Yelling like demons, the Kubratoi burst from their encampments and rushed toward Videssos the city, some mounted, others afoot. They started shooting arrows at their foes atop the walls even before they were in range, so that the first shafts fell into the ditch at the base of the great stone pile and the ones coming just after smacked the stone and mostly shivered.

But, like raindrops at the start of a storm, those were only the first among many. Soon as could be, the arrows walked up the side of the outer wall and flew among the defenders at the top. One hummed past Maniakes' face and then down to strike the inner wall near its base.

Not all shafts flew among defenders. Not twenty feet from the Avtokrator, a man tumbled to the walkway, writhing, weeping, cursing, screaming. A couple of his comrades, braving more arrows themselves when they could have crouched behind crenelations, hustled him to a siege tower. Surgeons waited inside there to do what they could for the wounded. Healer-priests waited, too, to fling their own faith and strength against the wounds of war.

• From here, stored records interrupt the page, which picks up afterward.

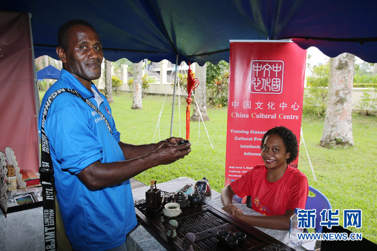 一位斐濟青年正準備品嘗中國名茶。 新華網記者張永興 攝
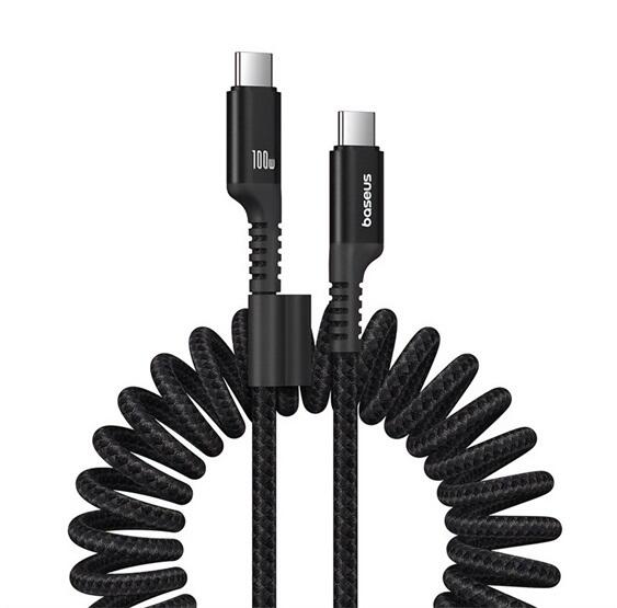 Baseus Fish-Eye Adatkábel Type-C-Type-C, 100W, PD Gyorstöltő, 100 cm, Spirálkábel Fekete
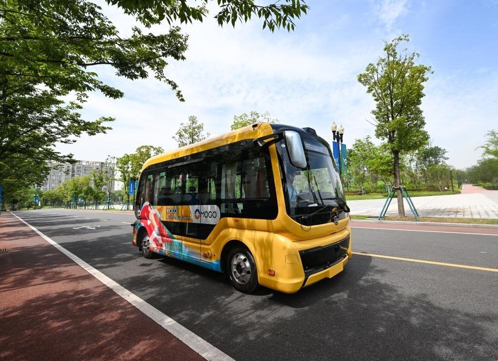 搭載“車路云一體化”系統(tǒng)的自動(dòng)駕駛巴士
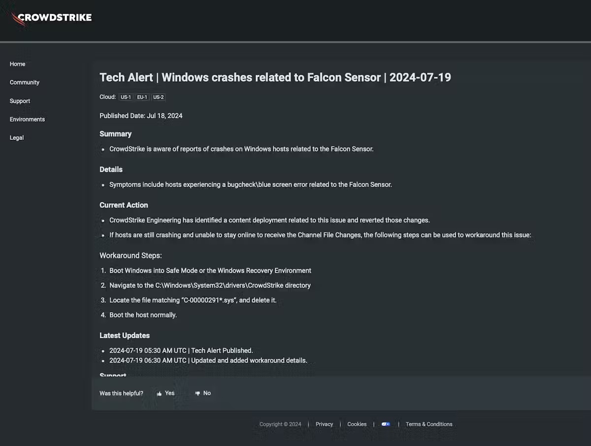 Notifications from CrowdStrike are being sent out to customers or posted to support pages that can only be accessed with a login.
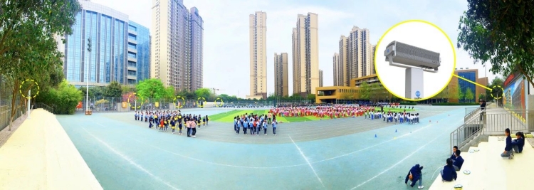 經前期實地調研,西安經開第一學校操場西側為居民樓,原有傳統廣播設備圍繞操場一圈安裝,同時工作時,聲音向四面八方發散,對附近居民造成了不小的噪聲影響。據校方負責人表示,只要學校開運動會就需提前與周邊居民溝通協商,且仍會因為廣播混響、嘯叫嚴重而影響整個運動會效果。
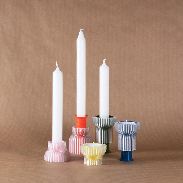 2.21 est un double bougeoir, il peut accueillir aussi bien une bougie chauffe plat qu’une chandelle selon la face sur laquelle il est posé.
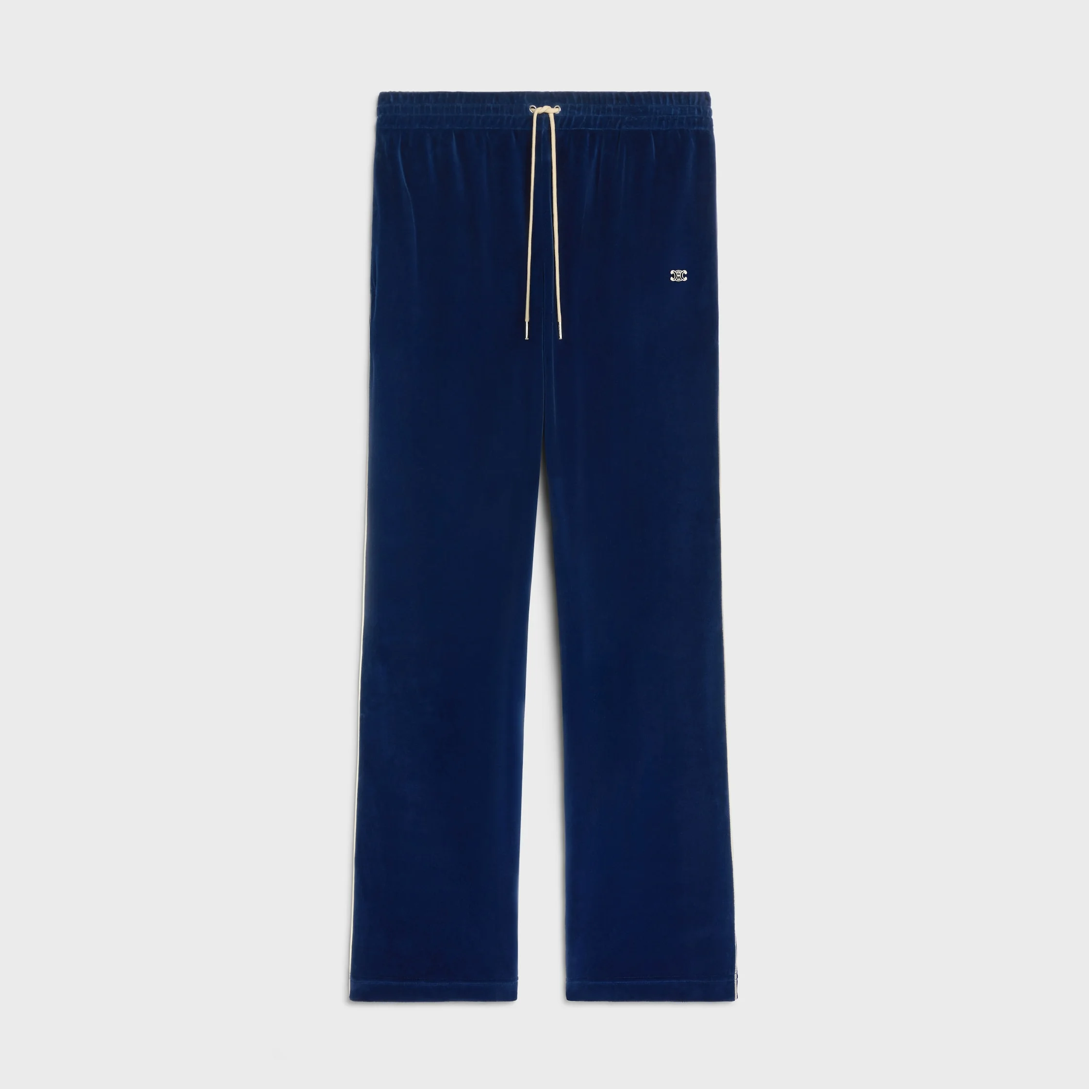 DETAILS 80% COTTON 20% POLYAMIDE TRIOMPHE EMBROIDERY LOOSE FIT MID-RISE 2 SIDE POCKETS CONTRASTING PIPING ON THE SIDES ELASTICATED WAISTBAND WITH ADJUSTABLE DRAWSTRING AND CELINE PARIS-ENGRAVED METAL AGLETS MADE IN ITALY
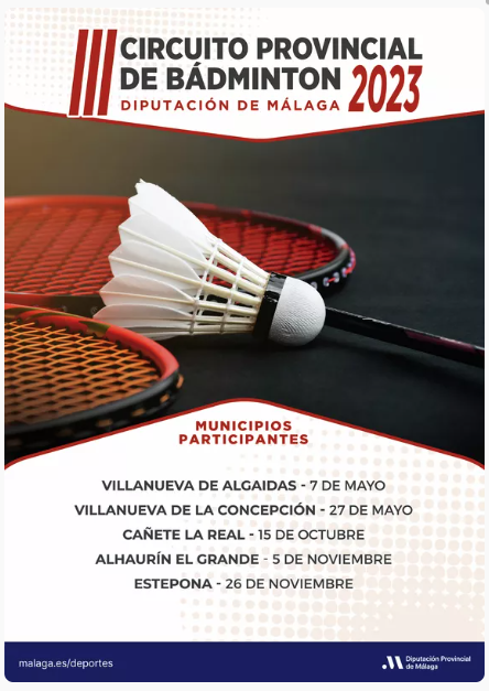Cerca de 500 deportistas participarán en el III Circuito Provincial de Bádminton, organizado por la Diputación de Málaga y la Federación Andaluza de Bádminton a través de la delegación malagueña, que arrancará el 7 de mayo en Villanueva de Algaidas y continuará en Villanueva de la Concepción, Cañete la Real, Alhaurín el Grande y Estepona.

A catapult bucked and thudded. A dart flew out, flat and fast. It a nomad's leg to his horse. The horse fell as if poleaxed, pinning the fellow's other leg between its kicking corpse and the ground. The Kubrati's cries, if he raised them—if he lived—were lost, buried, forgotten in the tumult.

Stone-throwers on the wall cast their fearful burdens at the attackers, too. A man hit by a stone weighing half as much as himself and traveling like an arrow ceased to be a man, becoming instead in the twinkling of an eye a red horror either lying still, smeared along the ground, or wailing like a broken baby bereft of breast, bereft of brother, bereft of hope.

And Maniakes, seeing what he would have mourned had it befallen one of his own subjects, even one who hated him as an incestuous tyrant, clapped his hands with glee and shouted to the crew that had launched the fatal stone: «Give 'em another one just like that, boys!»

And the crew did their best to obey, and cried out in fury and disappointment when their next missile fell harmlessly to earth. Maniakes moaned when that happened, too. Only later did he think on what a strange business war was.

He had no leisure for such thoughts in any case, for some of the Kubratoi, instead of pausing at the ditch in front of the outer wall, dropped down into it along with ladders tall enough to reach from that depression to the top of the wall. Not many of those ladders ever went up, though. A stone dropped straight down rather than flung from a catapult crushed a man as thoroughly, if not so spectacularly, as one actually discharged from a stone-thrower. The Videssian defenders also rained arrows and boiling water down on the heads of the Kubratoi directly below them.

Wearing an ordinary trooper's mail shirt and a much-battered helmet, the elder Maniakes came up beside his son. He peered down into the ditch for a moment, then nodded in somber satisfaction. «I don't think they'll try that again any time soon,» he said. «Bit of a slaughter down there.»

«This is the high ground,» Maniakes agreed. «If they let us keep it, they'll pay the price.» He frowned. «If they let us keep it high, they'll pay the price.» He pointed to show what he meant.

Maybe Etzilios, in spite of the better advice the Makuraners undoubtedly must have given him, had thought Videssos the city would fall to direct assault, and never mind all the fancy engines he'd spent so much time and effort building. Maybe he'd believed that the imperials huddled inside their walls from fear alone and lacked the spirit to resist his ferocious warriors. If that was so, he'd received an expensive lesson to the contrary.